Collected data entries
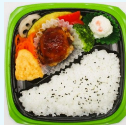
ハマの元気ごはん弁当
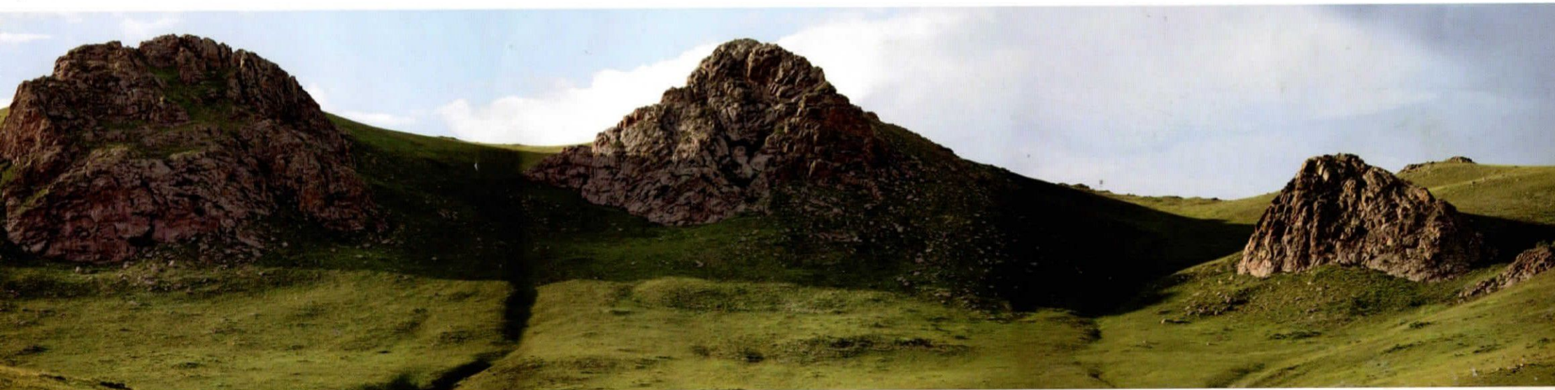
Гурван Улааны асгар / Gurvan Ulaan mountain
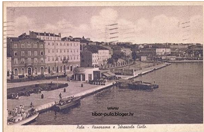
Slika 4. Idroscalo Ernesto Gramaticopulo

hidroavion srušio hidroavion baruna Gotfrieda von Baumfielda, iznad Koparskog zaljeva. 57
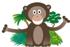
Aap 0 -1,5 jaar

KDV Olifant: Dagopvang voor kinderen van 2,5-4 jaar
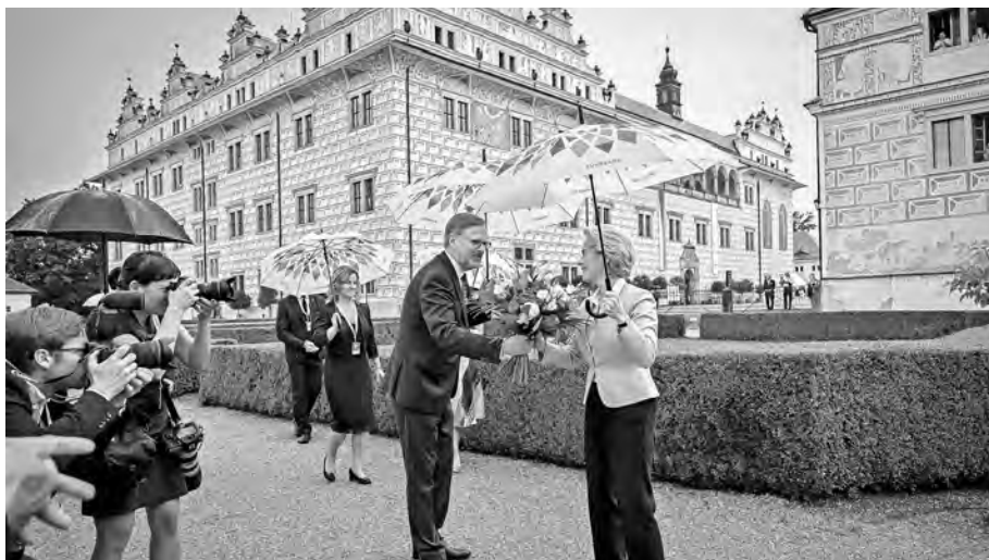
Premiér Petr Fiala přivítal předsedkyni Komise Ursulu von der Leyenovou v zámeckých zahradách.

mf
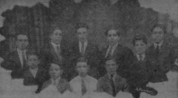
LOS ALUMNOS DISTINGUIDOS DEL CURSO DE 1916

Para el año presente las tareas han sido confiadas a un personal competente e idóneo. La política se encuentra muy lejos de amparar, pararse y de la labor meritoria del Profesorado, tienen mucho que esperar los padres de familia que confían la educación e instrucción de sus hijos al cuerpo de Profesores que es la mejor garantía que se puede ofrecer.
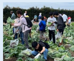
石川県立大学農場見学 & 野菜収穫ツアー
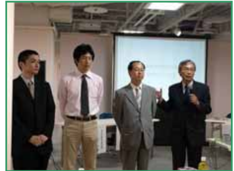
<（株）日本設計の担当者紹介>

本年度でその有効期間が切れることから、協定書第9条の規定に基づき、2年間の延長をはかるものです。設計協力の範囲など他の協定内容に変更はありません。
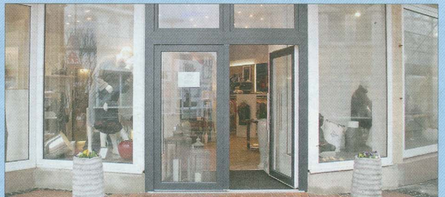
An der Fassade des Hauses wird noch gearbeitet.
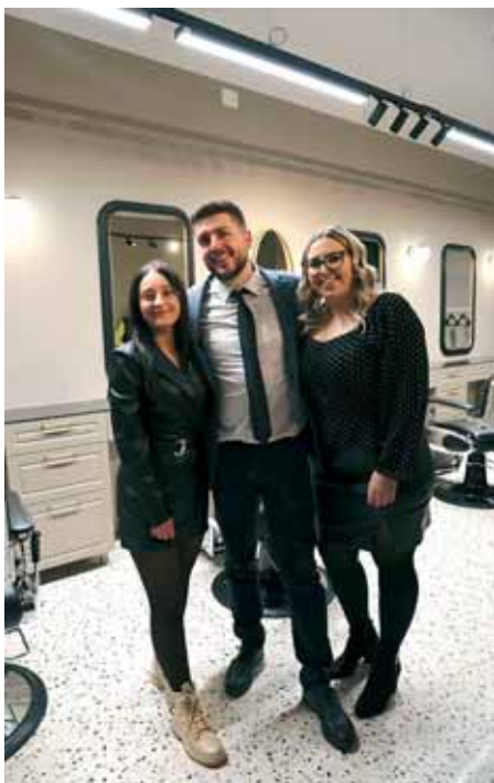
Vlasnik salona i kolegice

novnu školu i često se igrao u blizini željeznice i u kolodvoru. Prije frizerskog salo-

Work instructions -> Leave out the pictures and repeat exactly the lines from the first line of the data through the line containing "本年度でその有効期間が切れる". Add nothing else.

Result ->
ハマの元気ごはん弁当
Гурван Улааны асгар / Gurvan Ulaan mountain
Slika 4. Idroscalo Ernesto Gramaticopulo

hidroavion srušio hidroavion baruna Gotfrieda von Baumfielda, iznad Koparskog zaljeva. 57
Aap 0 -1,5 jaar

KDV Olifant: Dagopvang voor kinderen van 2,5-4 jaar
Premiér Petr Fiala přivítal předsedkyni Komise Ursulu von der Leyenovou v zámeckých zahradách.

mf
LOS ALUMNOS DISTINGUIDOS DEL CURSO DE 1916

Para el año presente las tareas han sido confiadas a un personal competente e idóneo. La política se encuentra muy lejos de amparar, pararse y de la labor meritoria del Profesorado, tienen mucho que esperar los padres de familia que confían la educación e instrucción de sus hijos al cuerpo de Profesores que es la mejor garantía que se puede ofrecer.
石川県立大学農場見学 & 野菜収穫ツアー
<（株）日本設計の担当者紹介>

本年度でその有効期間が切れることから、協定書第9条の規定に基づき、2年間の延長をはかるものです。設計協力の範囲など他の協定内容に変更はありません。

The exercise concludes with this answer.